ALEX HARVEY: ALEX HARVEY AND HIS SOUL BAND (1964)
1) Framed; 2) I Ain't Worrying Baby; 3) Backwater Blues; 4) Let The Good Times Roll; 5) Going Home; 6) I've Got My Mojo Working; 7) Teensville USA; 8) New Orleans; 9) Bo Diddley Is A Gunslinger; 10) When I Grow Too Old To Rock; 11) Evil Hearted Man; 12) I Just Wanna Make Love To You; 13) The Blind Man; 14) Reeling And Rocking.
Out of those people whose musical career took years and years to get off the ground, Alex Harvey must hold an indisputable record. Success and notability weren't his until the launching of The Sensational Alex Harvey Band in 1972 — yet The Alex Harvey Soul Band was active and kicking around the circuits of Scotland and lands to the south since at least 1959, when the Beatles were still the Quarrymen and Elvis was still in the army.
But was there anything particularly worthwhile about the Soul Band? No, except for perhaps a damn fine good taste in selecting their cover material (the scarce information we have on this page from
This is where the praise comes to a dead end, though, because the band's only album, as far as I'm concerned, holds only meager historic interest. It was recorded on the heels of their (traditional for all British bands of the period) big break on the Hamburg club scene, and dressed up as a "live" album, with overdubbed audience noises, although the sound quality is way too good for anyone to be duped — it may have been, and probably was, live in the studio, but that's about as live as it gets. The fourteen songs faithfully run the gamut of whatever was listed above, and everything is done with a proper amount of professionalism and, perhaps, even some excitement, yet there is nothing in these performances that somehow improves on the originals or, more important, changes them into something worth hearing on its own.
Harvey himself, although blessed with a powerful voice, was still light years away from capturing his tragic madman stage persona, and, although he is nowhere near as obnoxious on this record as he is on The Blues, simply makes no competition to the other guys in the business. His sidemen are competent, but competent the way your local barroom band would be competent after having played in the barroom each night for five years.

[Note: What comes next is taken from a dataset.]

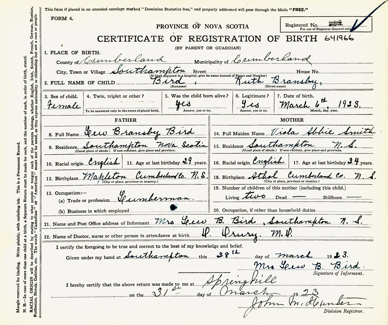 Female Birth Registration: Year: 1923 number: 64100966
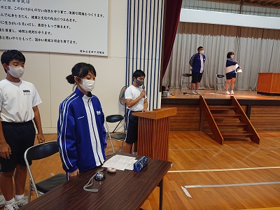 本日、選挙管理委員会の生徒が中心となって、「後期自治会役員選挙立会演説会」を開催しました。会長、副会長候補が登壇し、堂々と演説を行いました。

The "edge" is missing, if you know what I mean. If you don't, see for yourself — try to compare the band's performance of Leiber & Stoller & The Coasters' 'Framed' with the song's radical reworking on the same-titled debut from The Sensational Alex Harvey Band eight years later. The latter is a demented rock theater masterpiece; the former is... a cover of Leiber & Stoller & The Coasters' 'Framed'.

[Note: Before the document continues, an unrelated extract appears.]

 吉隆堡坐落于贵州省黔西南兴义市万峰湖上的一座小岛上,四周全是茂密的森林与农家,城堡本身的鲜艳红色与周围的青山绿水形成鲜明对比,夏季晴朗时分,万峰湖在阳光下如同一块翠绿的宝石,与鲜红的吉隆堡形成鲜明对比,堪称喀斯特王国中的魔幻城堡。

In short, this is a pretty bland album if you take it in the context of Johnny Kidd & The Pirates (who rocked out better), the Beatles (who had better songs), the Beach Boys (who had better vocals), the Dave Clark 5 (who had a riskier and edgier sax player), the Animals (who had a crazier frontman), the Rolling Stones (who had a far more dangerous and provocative sound), the Americans (who wrote all these songs that Harvey covered), the Russians (who had just flown Gagarin into space three years ago), and the Romulans (each of whom looked more handsome than Alex Harvey could ever hope to get). If you manage to strip away the context, it all comes across in a far more positive light, but I guess Avril Lavigne could also be thought of as the epitome of punk if one didn't know anything about punk. Thumbs down from the heart that did not manage to get wound up, and likewise from the brain that tried to justify the album's existence but found it easier to justify Asian despotism.